The purpose of expr is to completely remove $\mu$ whixh is known to be 0 in this case.

The purpose of the Assuming first expresson is to inform Mathematica that $\sigma$ is positive real.

Perhaps, I missed something?

For the cut-and-pasters (afterwards, right click on the cell bracket and Convert to Standard Form):

expr = FullSimplify[PDF[NormalDistribution[0, \[Sigma]], x]]

1/(E^(x^2/(2*\[Sigma]^2))*(Sqrt[2*Pi]*\[Sigma]))

Assuming[Element[\[Sigma], Reals] && \[Sigma] > 0,
  Integrate[expr*Log[x^2 + 1], {x, -Infinity, Infinity}]]
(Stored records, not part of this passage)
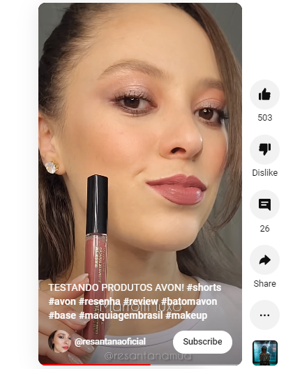 A Avon é uma marca de produtos de beleza extremamente popular. Uma das clientes da marca fez um review por meio dos Shorts do YouTube, marcando a Avon com o uso de hashtags. A influenciadora demonstra como usar os produtos e qual é o resultado obtido, ajudando clientes a descobrir se é o que buscam e o que pensam da qualidade dos produtos.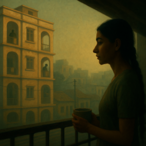 The warm yellow light from the room inside was the only source of illumination on the balcony where Rishika stood. The view of the vast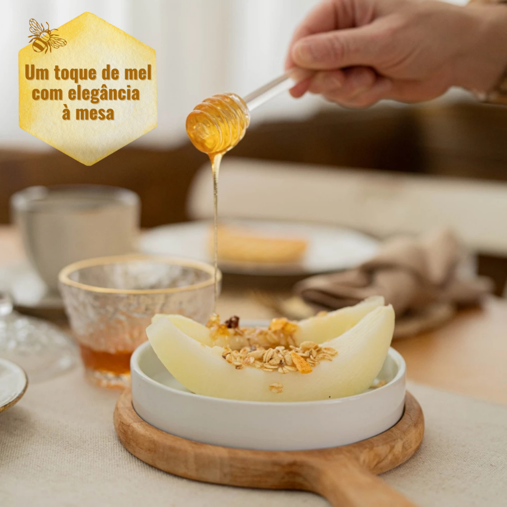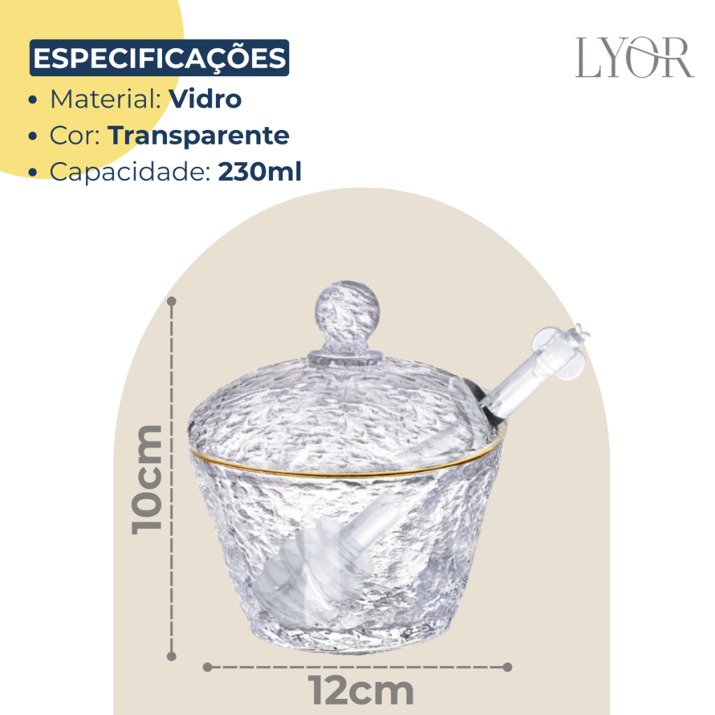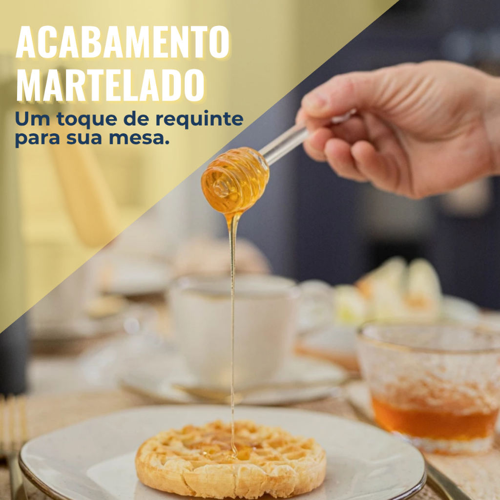 Meleira Pote Porta Mel Em Vidro Martelado Borda Dourada Com Tampa E Pegador Dosador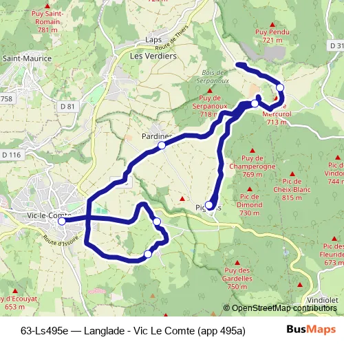 The first stop of the 63-Ls495e bus route is Salle des Fêtes and the last stop is Pardines. 63-Ls495e (Langlade - Vic Le Comte (app 495a)) is operational during en semaine.
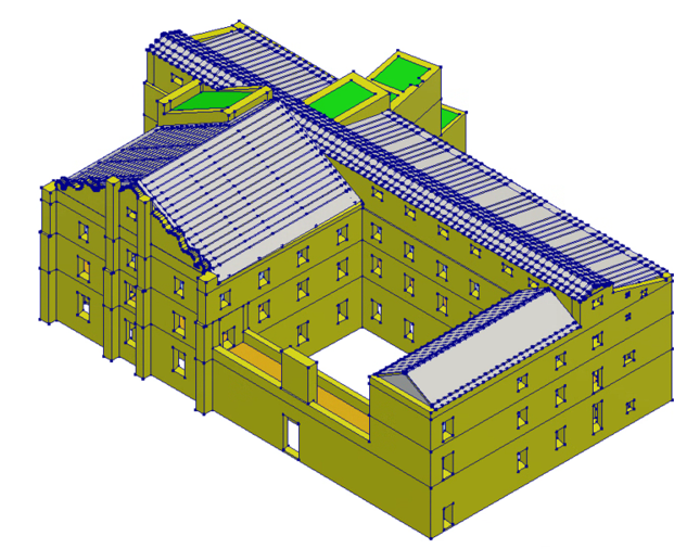 This research addresses the need to assess and enhance the seismic performance of heritage structures through a methodology that is both technically rigorous and conservation-sensitive. The project involves the development and calibration of a detailed finite element model using DIANA FEA. The model incorporates field-based geometric and material data obtained through historical documentation and site inspections. To improve the accuracy of the numerical simulation, calibration is performed using ambient vibration test (AVT) results collected as part of the SesiRiCHerCRO research project. The experimental data provide the building’s fundamental modal frequencies, which are used to fine-tune the stiffness and mass parameters of the numerical model.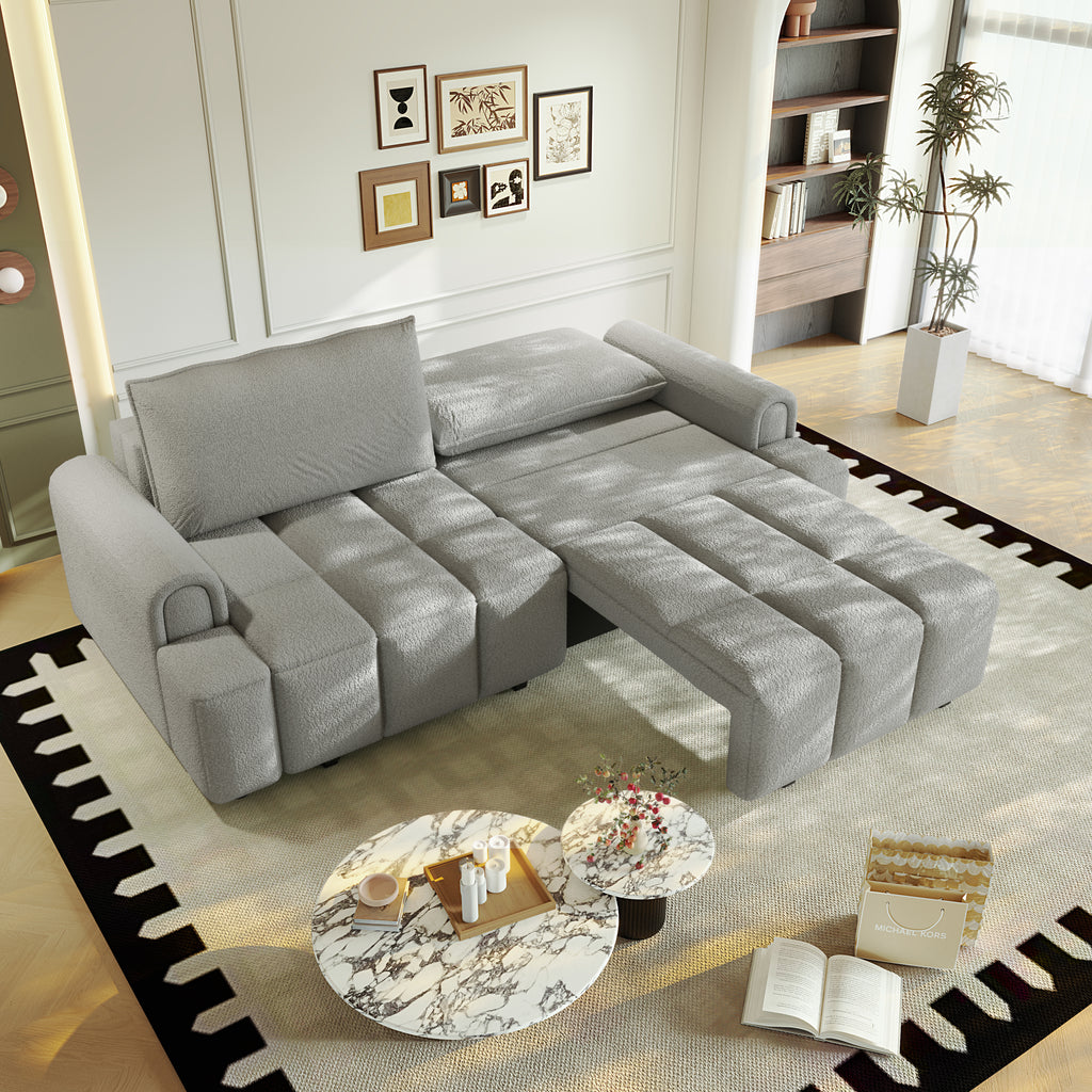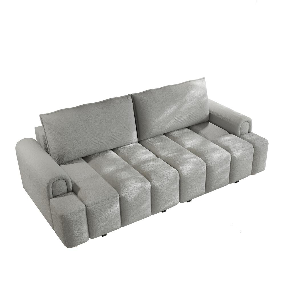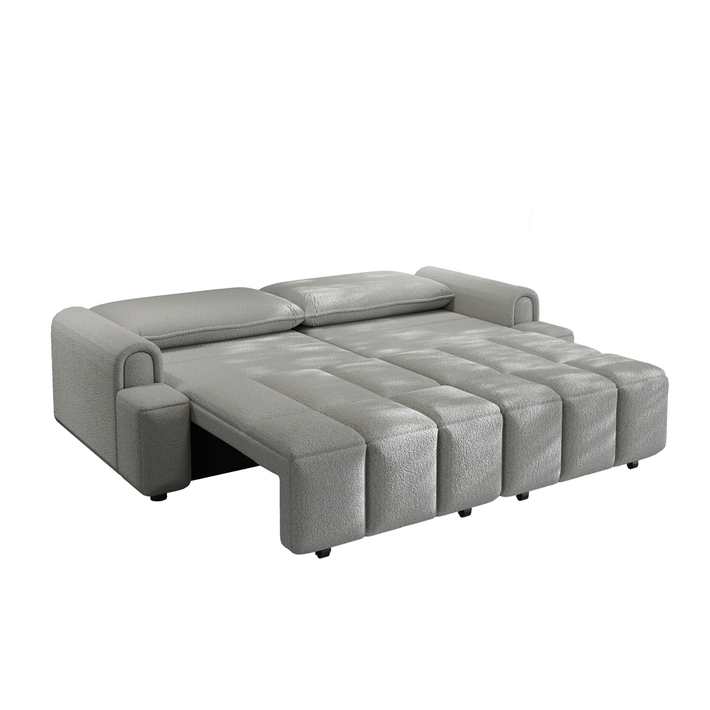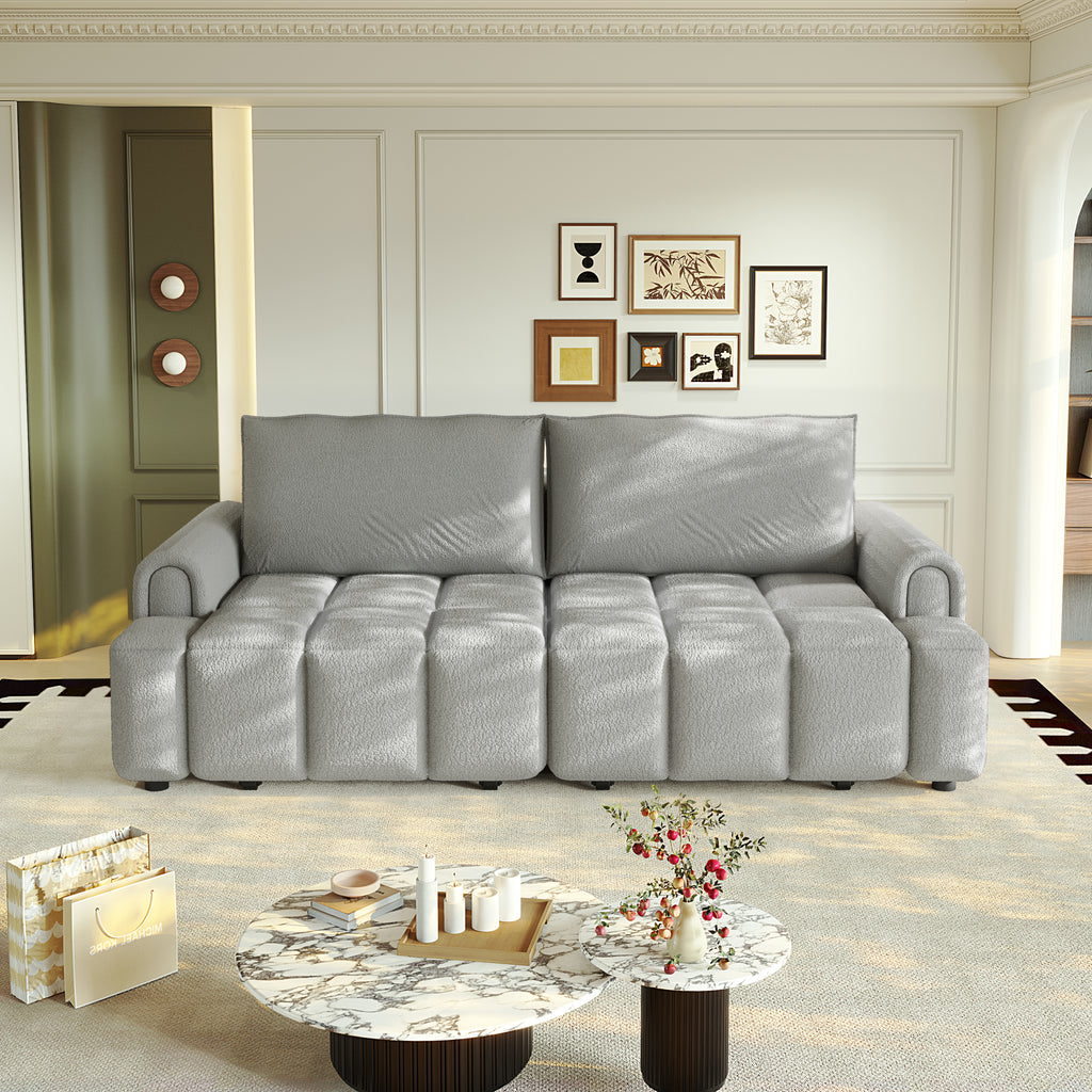 90.2' Comfy 4-Seater Modern Teddy Fabric Couch with Seats Storage, King Size 3-in-1 Convertible Sleeper Sofa Bed for Living Room,Office,Apartment,Light Grey(Old SKU:W1885S00250)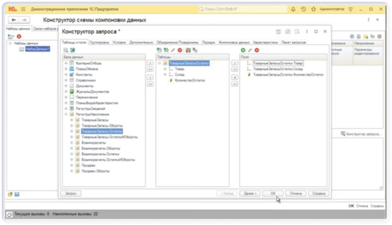 Вернемся в режим «1С Предприятие». В консоли системы компоновки данных добавим схему: в наборе данных «Запрос» выберем «Товарные запасы – Остатки» и все поля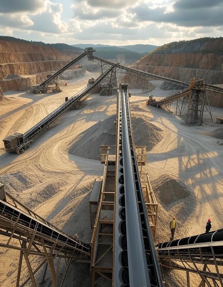 Transport de minerais, charbon et granulats abrasifs sous fortes charges. Rouleaux renforcés avec joints étanches et revêtements anti-abrasion pour environnements extrêmes.

-EulerGamma + Pi*Erfi[1/(Sqrt[2]*\[Sigma])] - 
  HypergeometricPFQ[{1, 1}, {3/2, 2}, 1/(2*\[Sigma]^2)]/
  \[Sigma]^2 - Log[2] + 2*Log[\[Sigma]]

This also works:

$\text{Assuming}\left[\mu =0,\int_{-\infty }^{\infty } \log \left(x^2+1\right) \text{PDF}[\text{NormalDistribution}[\mu ,\sigma ],x] \, dx\right]$

Assuming[\[Mu] == 0, Integrate[PDF[NormalDistribution[\[Mu], \[Sigma]], x]*  
Log[x^2 + 1], {x, -Infinity, Infinity}]]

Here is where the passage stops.